Date: Wednesday, May 24th, 2023
9:00 am – 10:00 am Pacific Time
12:00 pm – 1:00 pm Eastern Time
Location: Weekly Seminar, Zoom
Title: Algorithmic Decision-Making under Incentives: Apple Tasting Feedback and Multiclass Learnability
Algorithmic systems have recently been used to aid in or automate decision-making in high-stakes domains in order to, e.g. improve efficiency or reduce human bias. When subjugated to decision-making in these settings, decision-subjects (or agents) have an incentive to strategically modify their observable attributes in order to appear more qualified. Moreover, in many domains of interest (e.g. lending and hiring), the decision-maker only observes feedback if they assign a positive decision to an agent; this type of feedback is often referred to as apple tasting (or one-sided) feedback.
In the first part of the talk, we examine the effects of apple tasting feedback in the online (binary) strategic classification setting. We provide several algorithms which achieve sublinear regret with respect to the best fix policy in hindsight if the agents were truthful (i.e. non-strategic). We also show how our results may be easily adapted to the setting where the decision-maker receives bandit feedback.
Next, we shift our focus to the multiclass extension of strategic classification. Despite being well-motivated in settings such as e-commerce and medical domains, the multiclass version of the problem has received relatively little attention in the current literature on classification under incentives. Perhaps somewhat surprisingly, we show that unlike in the binary setting, strategyproof multiclass classification is generally not possible, even when full feedback is observed.

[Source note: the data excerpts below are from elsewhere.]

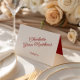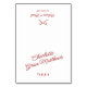 Featuring a playful red and white colour scheme, this place card showcases delicate design elements that evoke a nostalgic, retro feel. Its timeless aesthetic blends sophistication with whimsy, offering a refined way to welcome your guests. Perfect for any wedding theme, this place card not only helps organise your seating arrangements but also adds a personal and stylish flair to your celebration. Pair it with other coordinating items from the collection for a complete and cohesive wedding look.
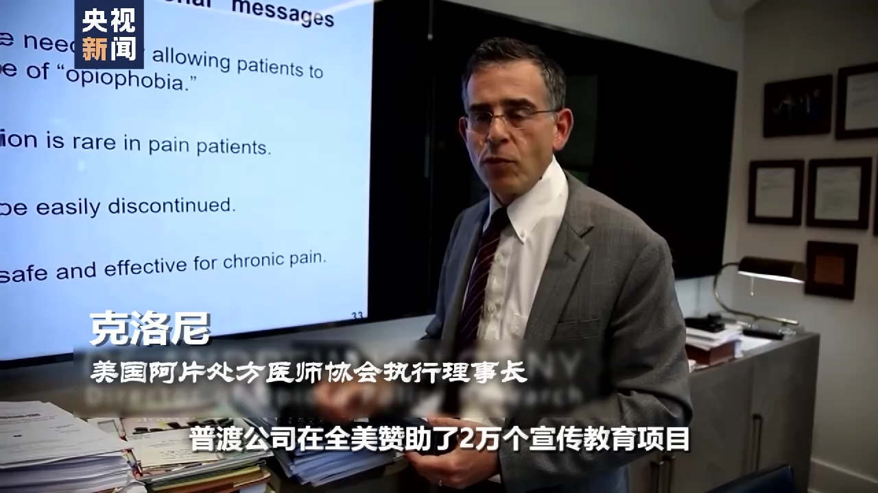 美国阿片处方医师协会执行理事长 克洛尼:奥施康定上市后的6年时间里,普渡公司在全美赞助了2万个宣传教育项目。阿片类药物的制造商和经销商,在10年内花费8.8亿美元,目的便是阻止更谨慎的处方。他们的花费比美国的枪支游说集团还要高8倍。
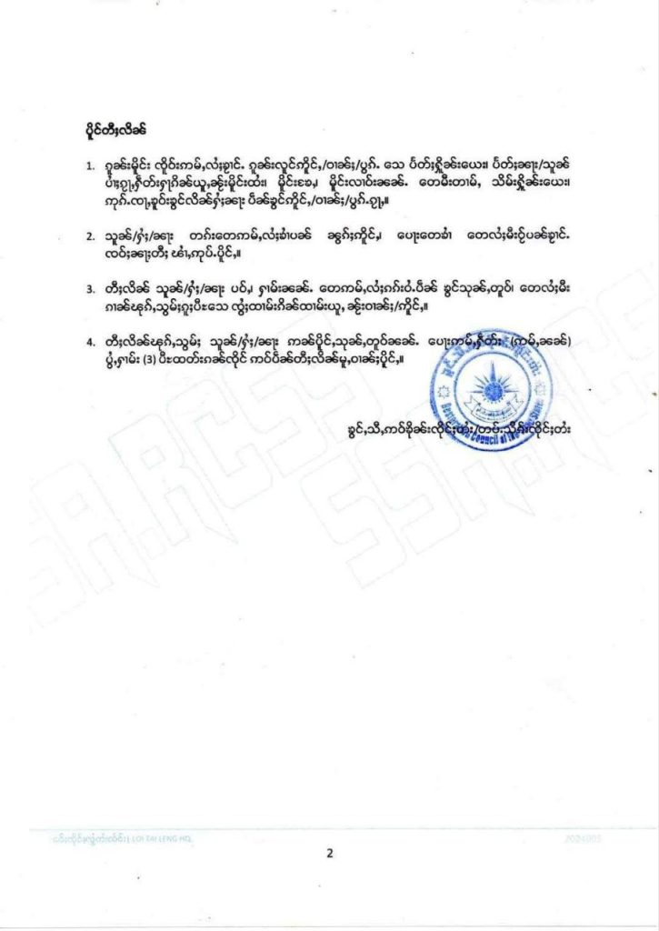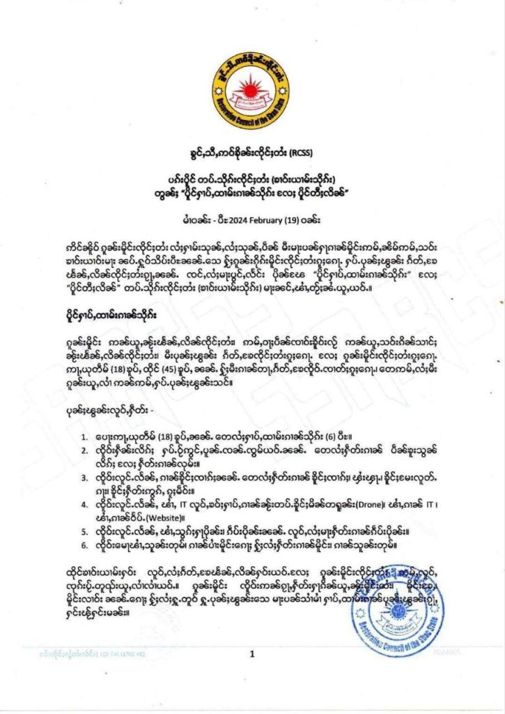 The Restoration Council of Shan State/Shan State Army (RCSS/SSA) stated in Shan Language yesterday that all residents of Shan State, between the ages of 18 and 45, must serve in the military for 6 years. Anyone who turns 18 and is under 45, regardless of gender, must serve in the military for 6 years. After graduating, have to do teaching and office work.
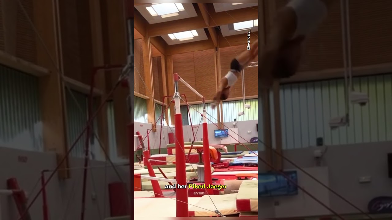 Jordan Chiles is finessing her Aerial Walkover on beam, rated D, and her Piked Jaeger on the uneven bars, also rated D.

This talk is based on joint work with Anish Agarwal, Chara Podimata, and Steven Wu.
Keegan is a Ph.D. student in the School of Computer Science at Carnegie Mellon University. His research interests span machine learning, algorithmic game theory, econometrics, and their various intersections. He is advised by Nina Balcan and Steven Wu, and supported by the NDSEG Fellowship. Previously, he received a M.S. in Machine Learning from Carnegie Mellon University, a B.S. in Computer Science from Penn State University, and a B.S. in Physics from Penn State University.